LSC Abstract – Rhinovirus infection induces NRF2 in monocytes but not in epithelial cells, via distinct intracellular pathways

Rhinoviruses are a major driver of the reduced lung function seen during exacerbations in a number of airway diseases including asthma and COPD. Viral infection is associated with increased inflammation in the lungs and increased oxidative stress in the airways. Monocyte and epithelial cells lines (THP-1 and BEAS2B respectively) were infected with rhinovirus strain RV16. Infection of both cell lines resulted in increased inflammation however, the oxidative stress responses were different. Infection of epithelial cells resulted in increased intracellular ROS whereas infection of monocytes decreased intracellular ROS. Infected BEAS2B cells showed decreased antioxidant capacity compared to that seen in THP-1 cells.

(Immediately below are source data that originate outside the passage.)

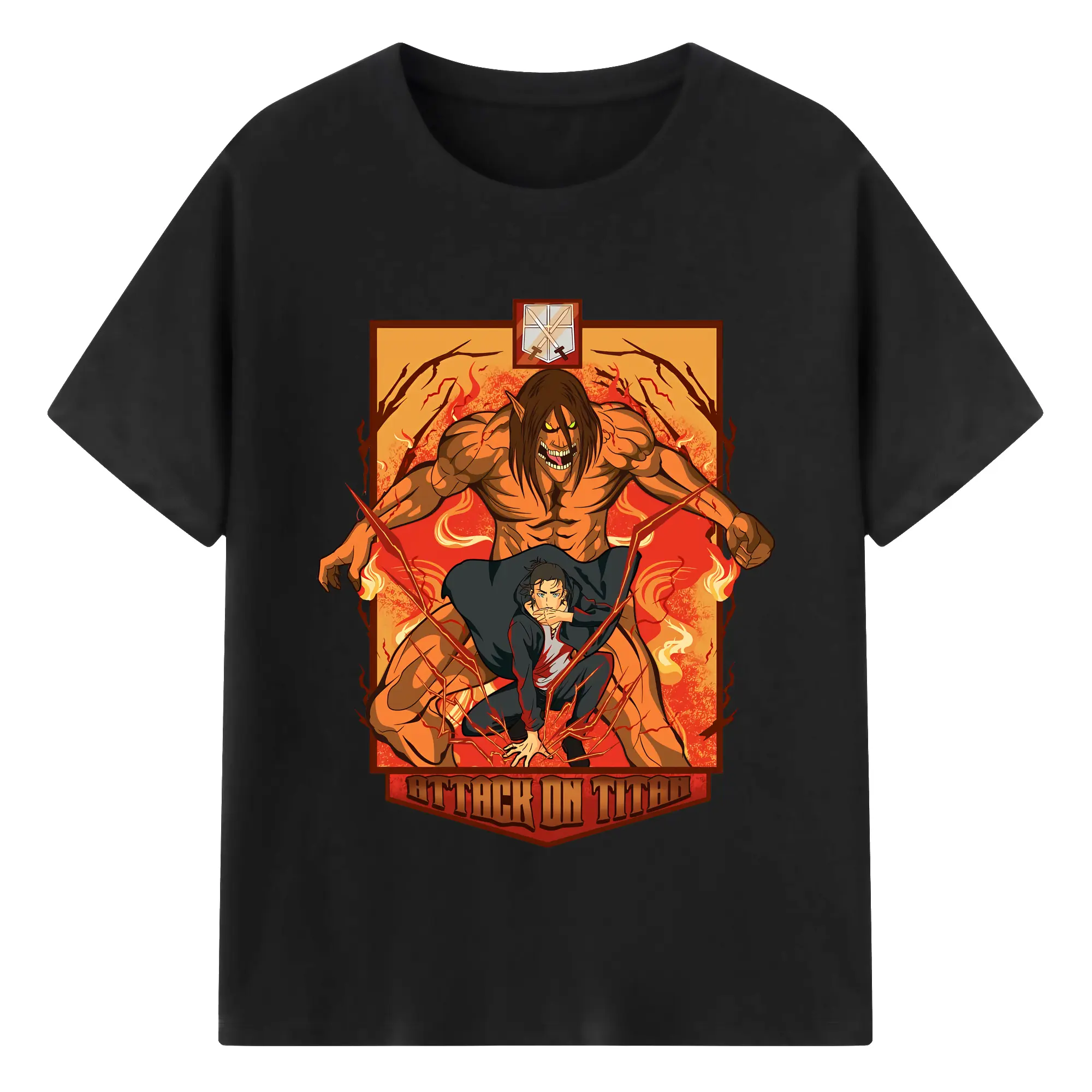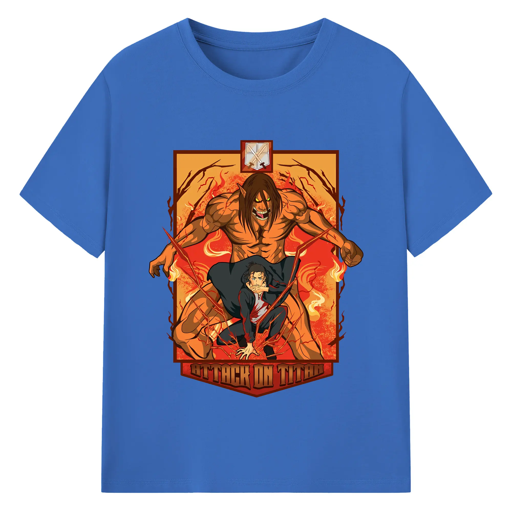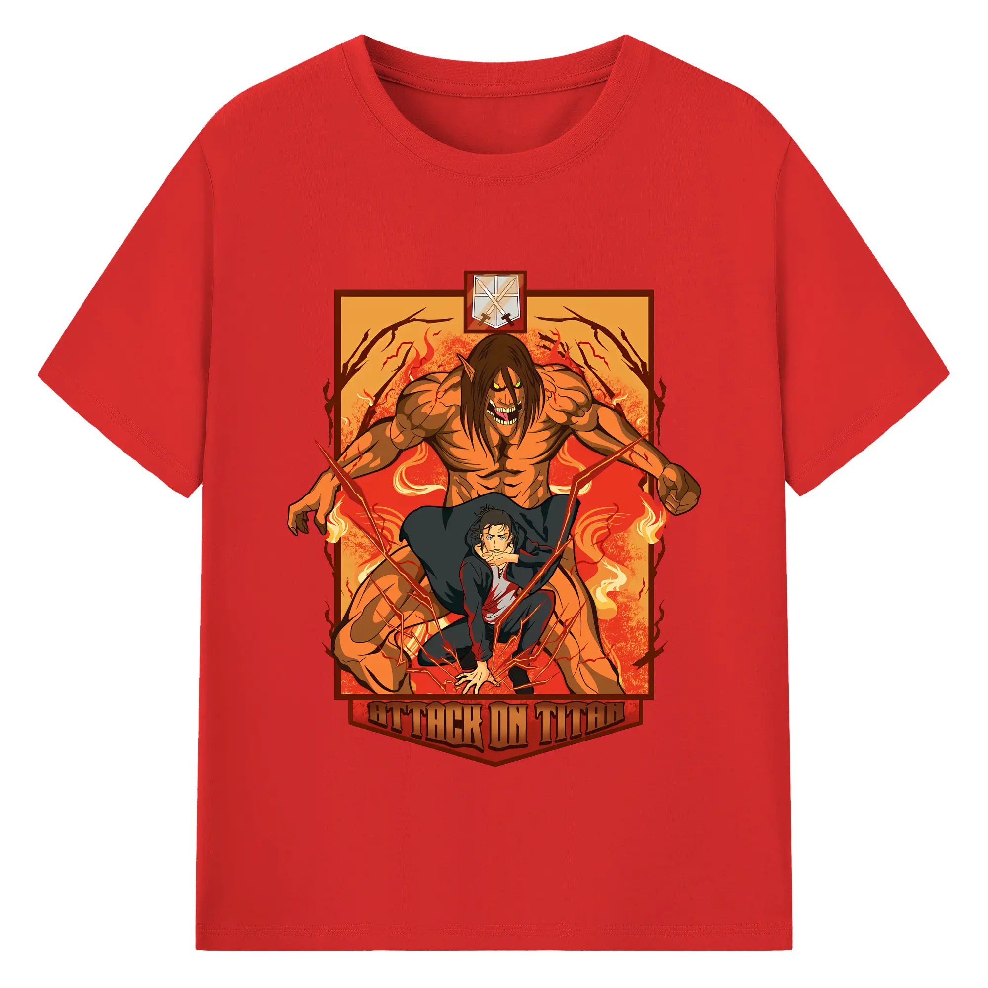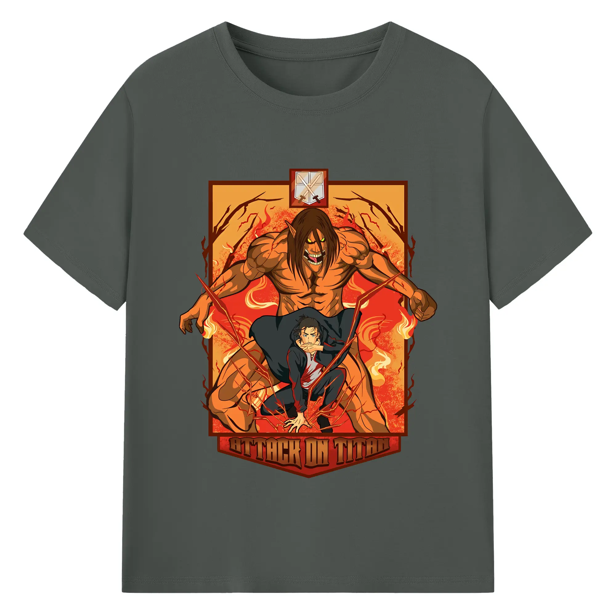 進撃の巨人 グッズ エレン・イェーガー - 綿100% 半袖Tシャツ ・ バックプリント ・ 快適 通気性 ・ 日常使い 散歩 スポーツ用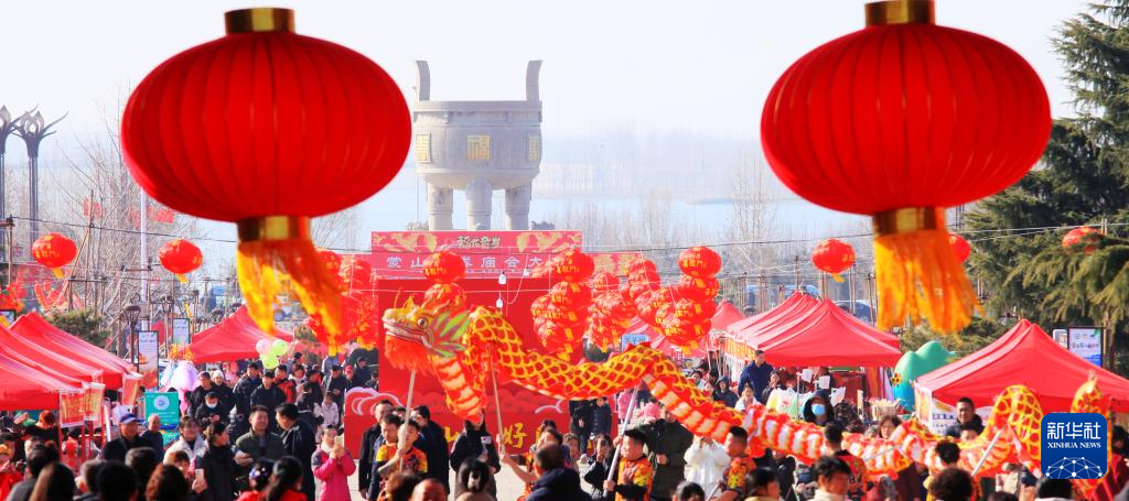 2月12日,民间艺人在山东省临沂市平邑县蒙山龟蒙景区新春庙会上表演舞龙。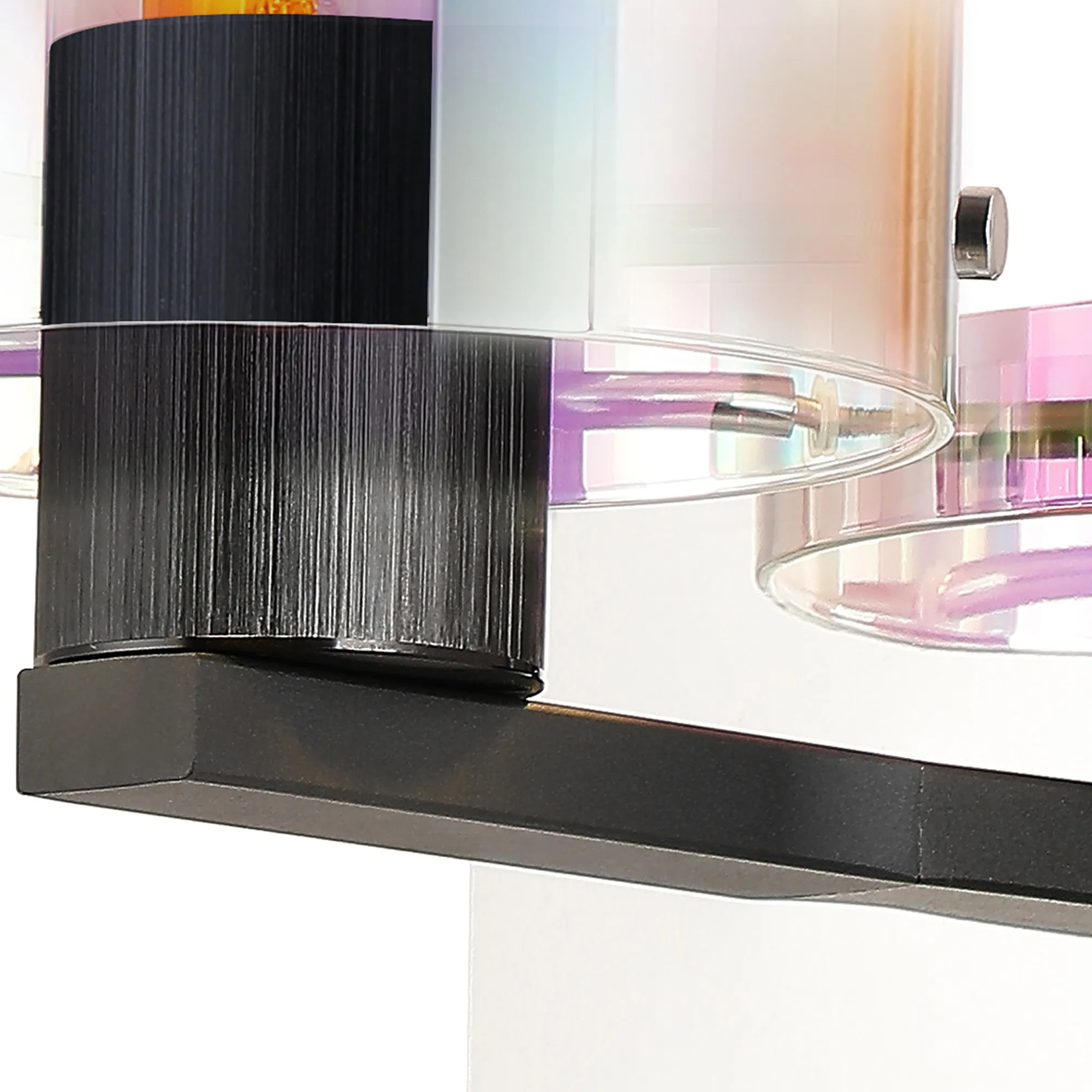 Mangere Round Ceiling Flush, 1 Light Flush Fitting E27, Black/Iridescent Fade Glass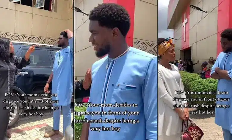 A Nigerian man recently shared a video of his mother disgracing him in front of his crush outside the church premises.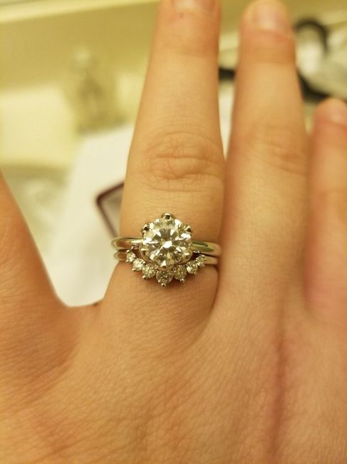 So I just got my ring cleaned, and when we were at the jewelers I tried on some wedding bands. I was originally leaning towards a vintage style enhancer that wraps around the top and bottom of my engagement ring but after trying that style on I feel...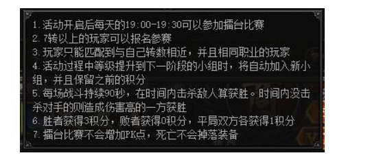 荣耀擂台活动为期3天,每天19:00-19:30开启,所有等级大于等于7转的玩家都可以报名参与。活动按等级分为7-9转、10-12转、13-15转、16-20转四个小组,每个小组根据玩家等级在小组内匹配相同职业的其他玩家进行1V1对战,根据胜负平的结果获得不同积分,按积分进行排名。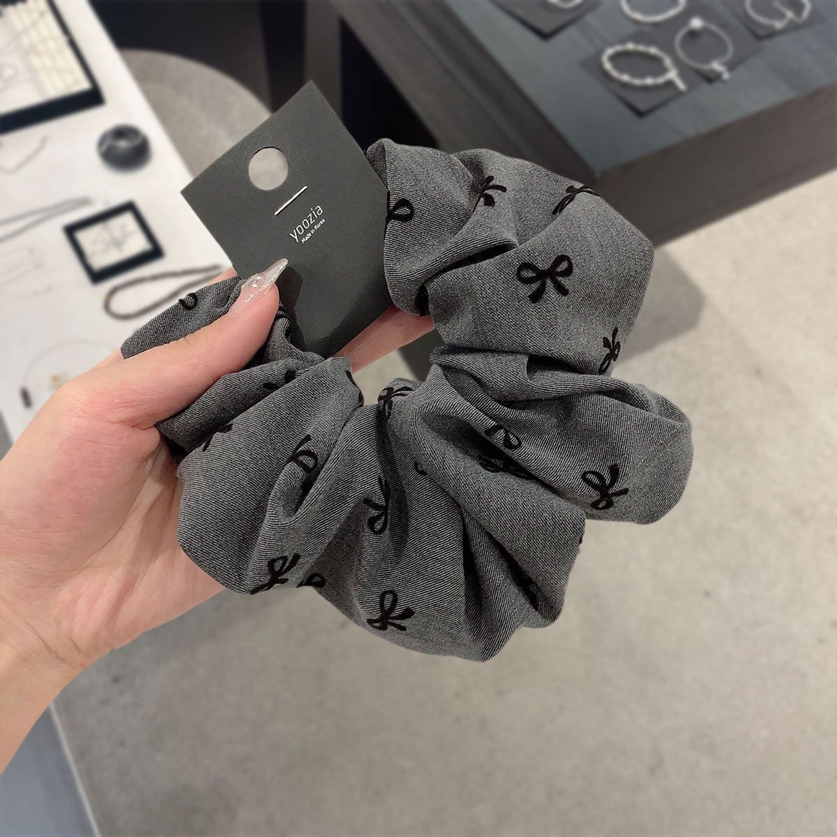 black and gray bow-printed large hair tie, approximately 14cm in diameter.
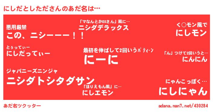 | ポケモン風あだ名 | 『ヒニシダトシタダ』『ニーシイ』『ニシゴンZ』『メロニッシ』 |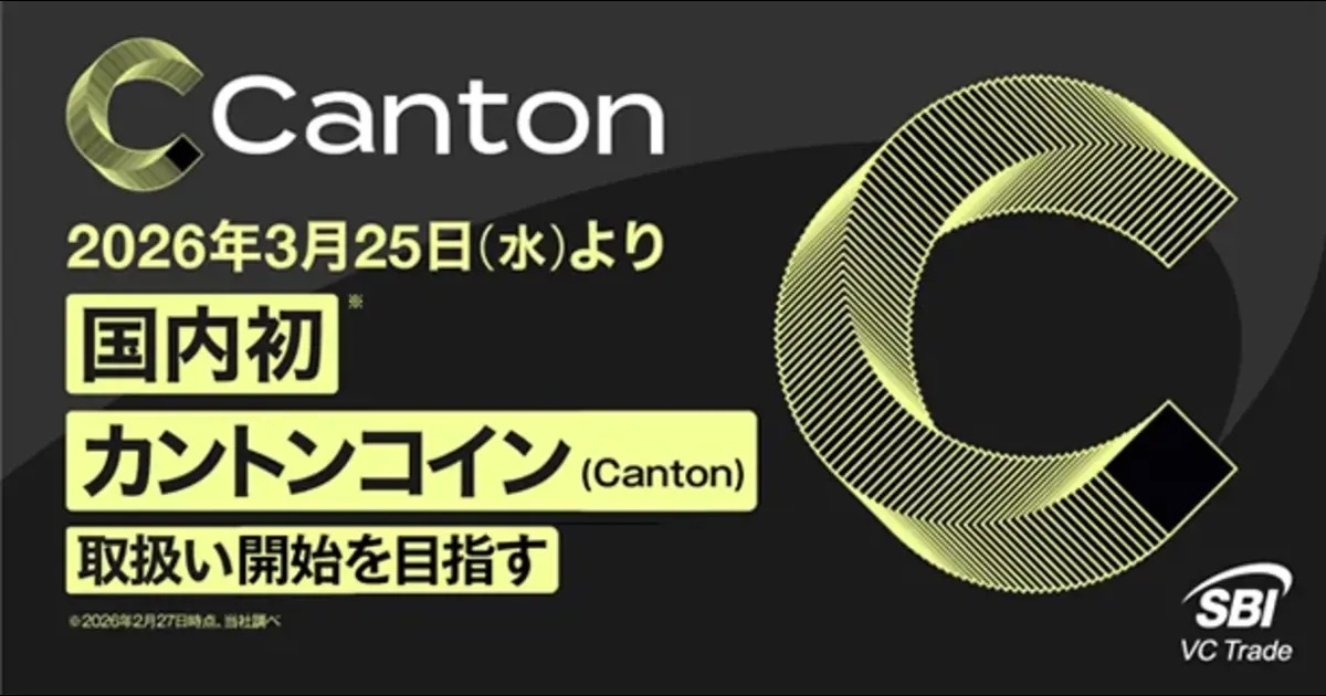 SBI VCトレード株式会社は2月27日、金融機関向けブロックチェーンCanton Networkのネイティブトークンである仮想通貨カントン(CCトークン)を、同年3月25日より国内で初めて取り扱うと発表した。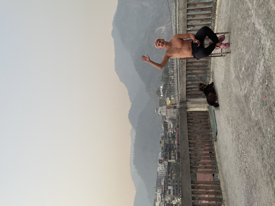 This image captures a rooftop scene in Rishikesh, India, with the Lakshman Jhula bridge and surrounding cityscape in the background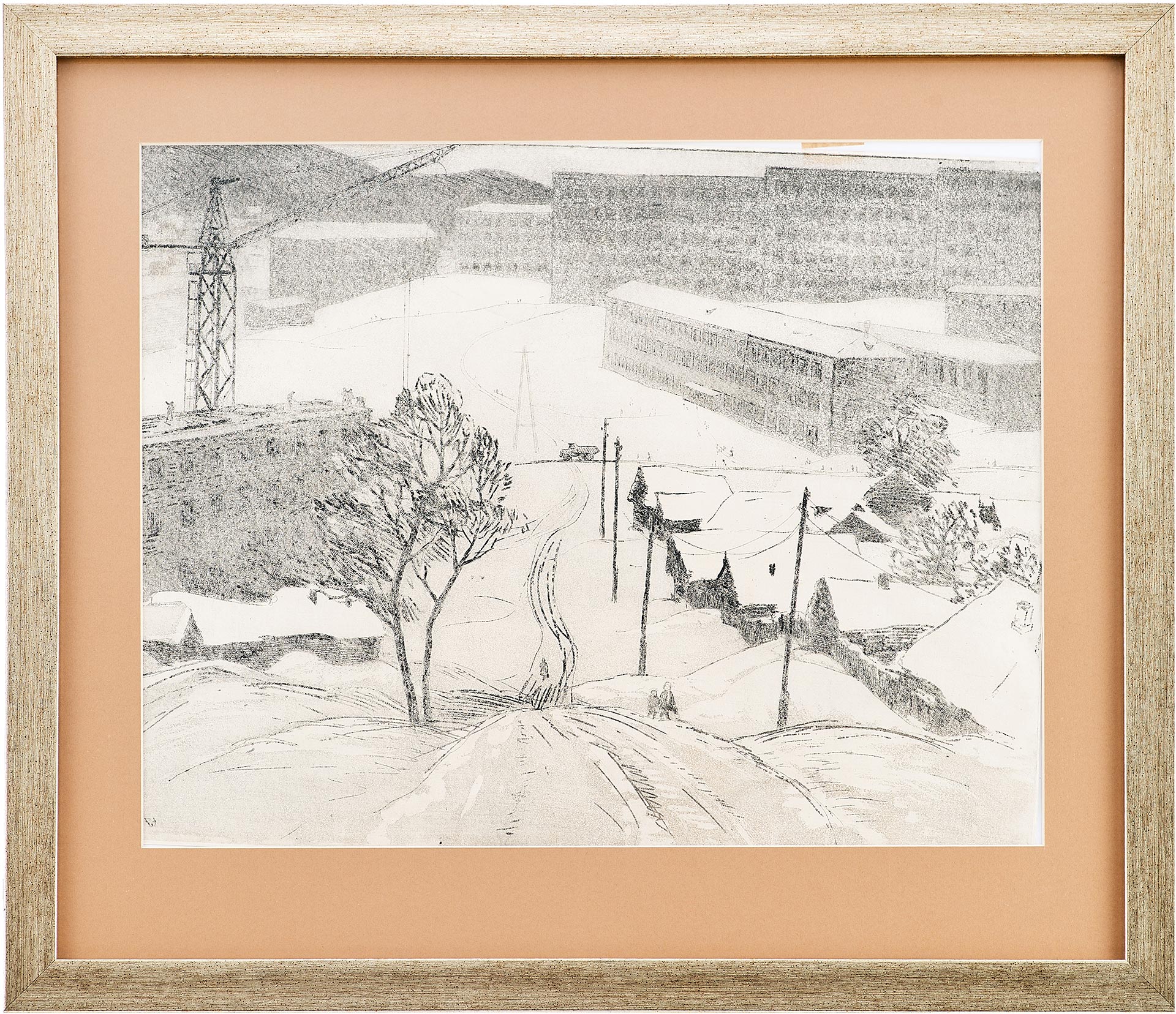 Офорт «Городской пейзаж» Валентина Алексеевича Новиченко, выполненный в 1970 году, представляет собой тонкое и сдержанное изображение зимнего пригорода в стадии урбанистического преобразования. Композиция разворачивается с возвышенности, с которой открывается вид на спускающуюся улицу. Вдали возвышаются новые многоэтажные здания, строительные краны и промышленные постройки, тогда как на переднем плане — скатанные снегом дороги, одиночные деревья и невысокие частные дома, частично занесённые снегом.

In particular, infection of THP-1 cells increased expression of the antioxidant geneNRF2and reduced NOS2 and NOS3 gene expression. Using a pharmacological approach we demonstrated that RV16-induced inflammation and NRF2 expression was ERK/JNK-dependent in THP-1 cells, whereas, RV16-induced inflammation in BEAS-2B cells was p38 MAPK- and NF-κB-dependent. Whilst both monocytes and epithelial cells show similar RV-16-induced inflammatory responses, these cells show different oxidative stress responses to infection and the responses to infection are driven by distinct intracellular signalling pathways.